Het moge duidelijk zijn dat een 'gedetecteerde' gebeurtenis ook kan betekenen dat een entiteit 'aangemeld' is voor een gebeurtenis en/of er een heeft 'ontvangen". In plaats van het bewaken van gebeurtenissen kan het orkestratorsysteem dus ook gebeurtenissen ontvangen en/of op de hoogte worden gesteld van gebeurtenissen.
Het zal worden gewaardeerd dat 'gelaagde opbouw' van de modules kan duiden op abstractielagen en breed kan worden geïnterpreteerd. De gelaagde opbouw hoeft niet noodzakelijkerwijs te beperken dat elke laag verbonden is met een volgende en/of vorige laag. Zo kunnen bijvoorbeeld twee modules van verschillende abstractielagen zich in dezelfde verfijningslaag bevinden. Een laag kan een deelverzameling van modules omvatten die gegroepeerd zijn. Deze groepering kan worden uitgevoerd of gemodelleerd op basis van verschillende aspecten.
Het zal worden gewaardeerd dat de werkwijze stappen kan omvatten die door de computer worden uitgevoerd. Alle bovengenoemde stappen kunnen door de computer geïmplementeerde stappen zijn. Uitvoeringsvormen kunnen bestaan uit computerapparatuur, waarin processen worden uitgevoerd in computerapparatuur. De uitvinding strekt zich ook uit tot computerprogramma's, met name computerprogramma's op of in een drager, die zijn aangepast om de uitvinding in de praktijk te brengen. Het programma kan in de vorm van een bron- of objectcode zijn of in een andere vorm die geschikt is voor gebruik bij de uitvoering van de werkwijzen volgens de uitvinding. De drager kan elke entiteit of elk inrichting zijn dat in staat is om het programma te dragen. De drager kan bijvoorbeeld bestaan uit een opslagmedium, zoals een ROM, bijvoorbeeld een halfgeleider-ROM of een harde schijf. Verder kan de drager een overdraagbare drager zijn, zoals een elektrisch of optisch signaal, dat via een elektrische of optische kabel of via radio of andere middelen, bijvoorbeeld via het internet, kan worden doorgegeven.

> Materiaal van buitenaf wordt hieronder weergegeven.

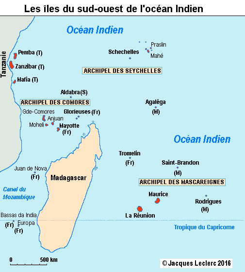 Les 3 premières forment l’union des Comores, pays indépendant, tandis que l’île de Mayotte (composé des îles Grande-Terre et Petite-Terre), île la plus au sud-est et les îles environnantes sont un département français.

Het moge duidelijk zijn dat het gebruik van een 'cloud' kan inhouden dat er via het internet reken-/netwerk/opslagresources en hogere rekendiensten (zoals databaseservices) worden aangeschaft.
Sommige uitvoeringsvormen kunnen bijvoorbeeld worden geïmplementeerd met behulp van een machine of een tastbaar machinaal leesbaar medium of artikel waarin een instructie of een verzameling instructies kan worden opgeslagen die, indien uitgevoerd door een machine, ertoe kunnen leiden dat de machine een werkwijze en/of bewerkingen uitvoert die in overeenstemming zijn met de uitvoeringsvormen.
Verschillende uitvoeringsvormen kunnen worden geïmplementeerd met behulp van hardware-elementen, software-elementen of een combinatie van beide. Voorbeelden van hardware-elementen kunnen zijn: processoren, microprocessoren, schakelingen, application specific integrated circuits (ASIC), programmable logic devices (PLD), digital signal processors (DSP), field programmable gate array (FPGA), logische poorten, registers, halfgeleiderapparaten, microchips, chipsets enz. Voorbeelden van software kunnen zijn: softwarecomponenten, programma's, applicaties, computerprogramma's, applicatieprogramma's, systeemprogramma's, machineprogramma's, besturingssysteemsoftware, mobiele apps, middleware, firmware, softwaremodules, routines, subroutines, functies, door de computer geïmplementeerde werkwijzen, procedures, software- interfaces, application program interfaces (API), werkwijzen, instructiesets, rekencode, computercode, enzovoorts.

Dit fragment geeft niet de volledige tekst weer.